宝くじで億円単位のお金が入ってくるならその瞬間から人生が見違えるほど変わりますが、それは努力で得たものではないので、また別の話。少なくともベンチプレス100kg挙げれるようになりました、東大京大に受かりました、電通から内定出ました、司法試験に合格しました、からといってその瞬間から世界が変わることはまず無いのではないでしょうか。
何か人よりも抜きん出た結果が出ると、その後人生の要所要所で他人から褒められます。褒められると「頑張ってみてよかったな」と思います。そしてひとつ実績が出たからこそ「これができたんだから、あれもいっちょやってみるか!」と別のことに挑戦するモチベーションが湧いてきます。そうやって挑戦してみると、なんやかんや結果が出る。結果が出なくても「まぁこれはダメだったけど、俺には○○があるしな」と、大してダメージもなく、また別のことに挑戦できる。そうやっているうちに気づくと昔では考えられなかったような場所に自分がいる。
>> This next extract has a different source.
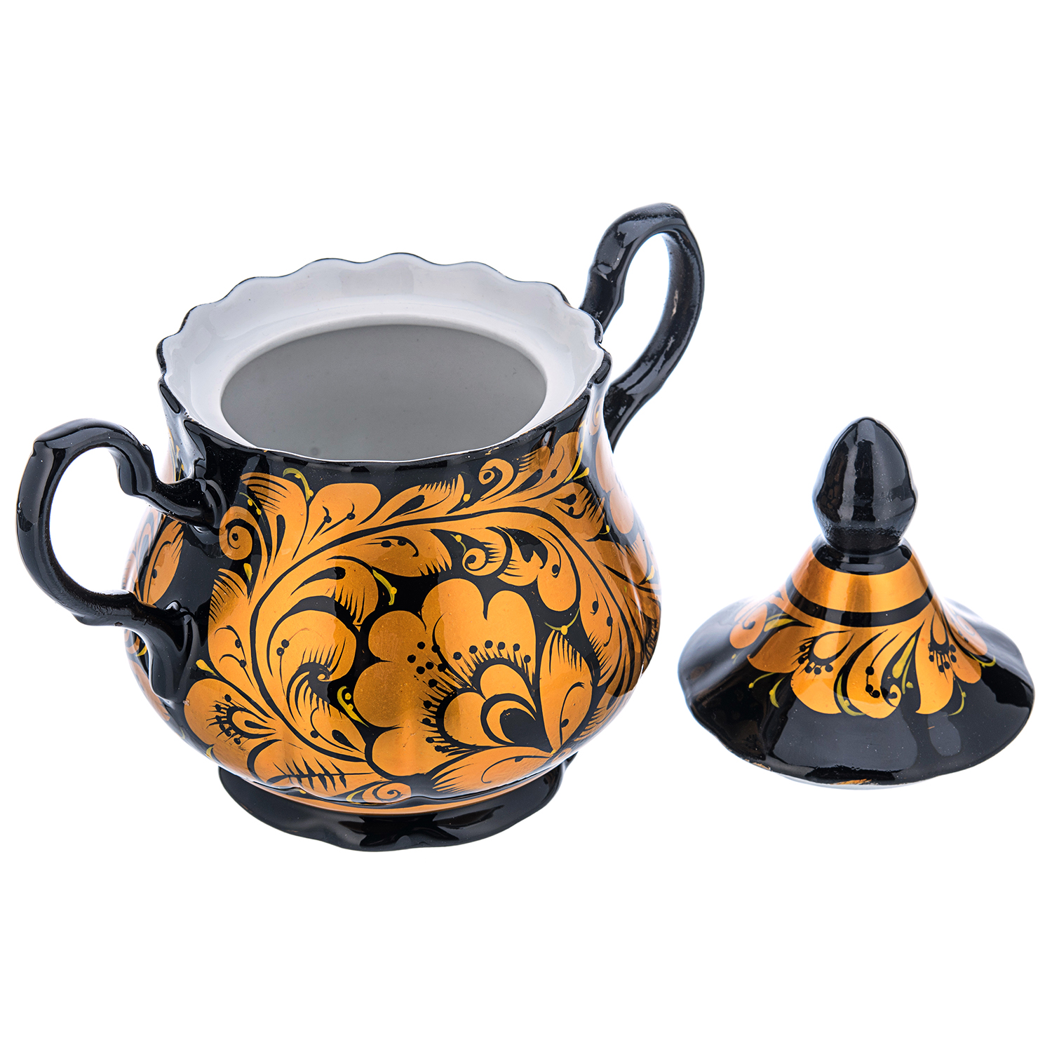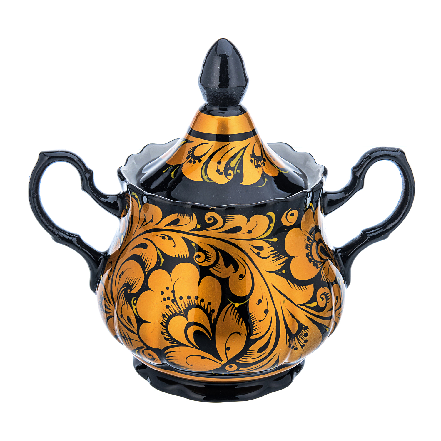 Сахарница "Кудрина золотая". Хохлома

そういった一連の流れを述懐して全部丸ごと話してもいいのだけれども、他人からはそこまでの尺は求められていないし、自分も話すのが面倒くさいので「筋トレやったら人生変わった」とワンフレーズで言い切ってしまうのです。世間で言われれいる「筋トレやったら人生変わった」というのはその瞬間を切り取っているのではなく、その後の人生の流れ全部を汲み取った上での「人生変わった」なのです。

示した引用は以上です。